Весь набиравший силу разбег цикла «Деревья» остановлен в ней на лету вклинившейся темой «Заводских», антитемой, по сути, «Деревьев»: «Стоят в чернорабочей хмури закопченные корпуса…» и «У последней, последней из всех застав…»

Да, вот чем схватила Марину за душу «Злата Прага»: рабочей своей окраиной, заводскими трубами и корпусами, изматывающей жалобой фабричного гудка, и — угаданными так, словно своими глазами увиденными, на собственные плечи взваленными, судьбами «сирых и малых, злых — и правых во зле!». А всего-то и было, что прошлась, казалось бы, беспечально, взад-вперед по этим улицам, не более чем угрюмым на вид…

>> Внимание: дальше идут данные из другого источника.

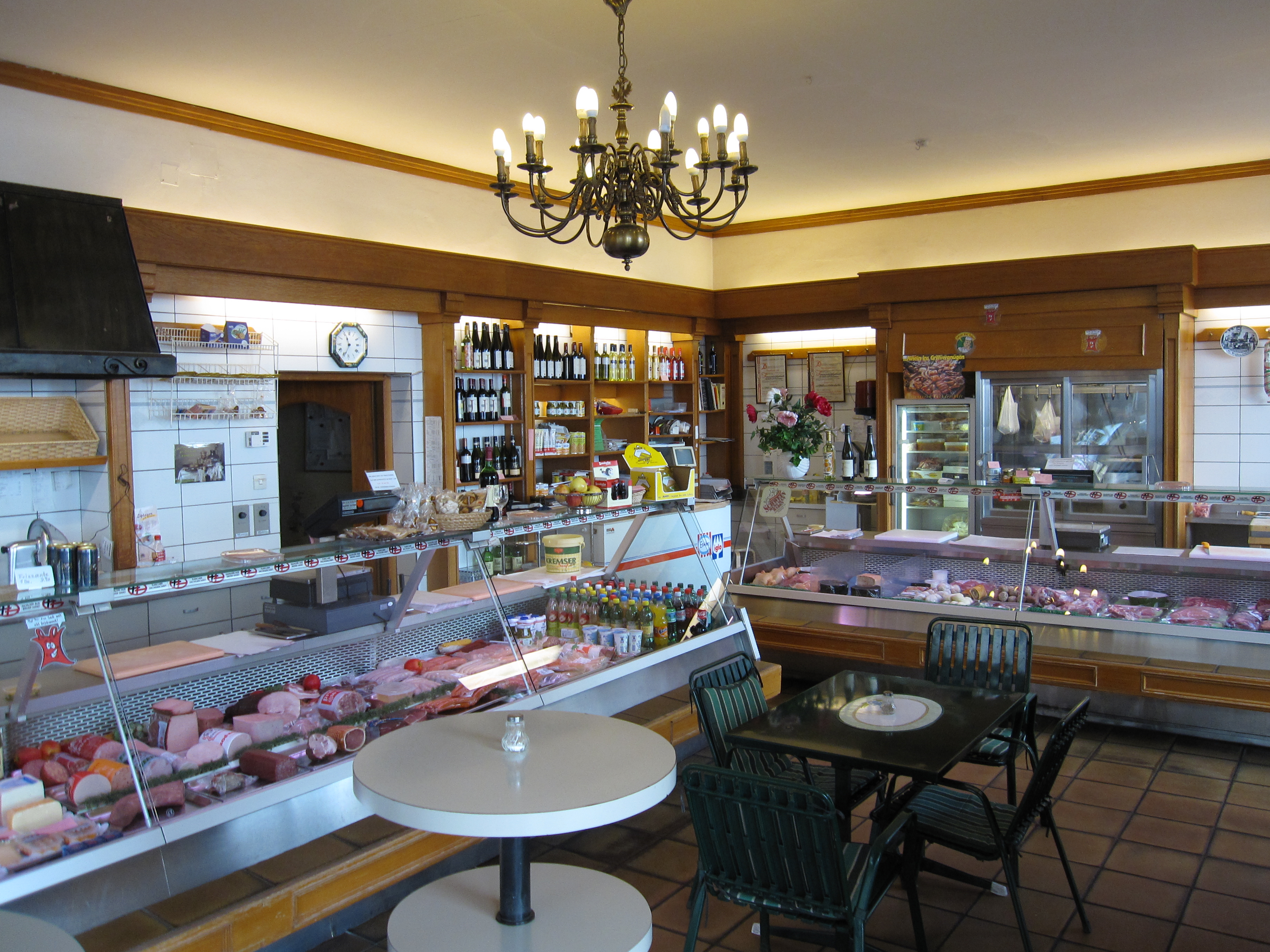 Interior of L. Weisshappel butcher in Vienna's I. district.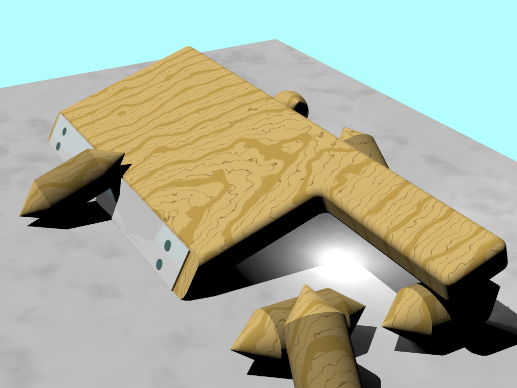 Racquet for Na špačka team game illustration.

Сама фабричная суть окраин капиталистических городов оказалась Марине внове; старая Москва была небогата фабриками и не ими славилась. Только Запад явил Марине несовместимость взаимосвязей городских пейзажей — и не только пейзажей… Ибо в эти же дни она пишет свою «Хвалу богатым» — сомнительный мадригал, посвященный с вершин всего богатства собственной нищеты великой нищете и тщете богатства: «…и за то, что в учетах, в скуках, в позолотах, в зевотах, в ватах, вот меня — наглеца, не купят — утверждаю: люблю богатых!..»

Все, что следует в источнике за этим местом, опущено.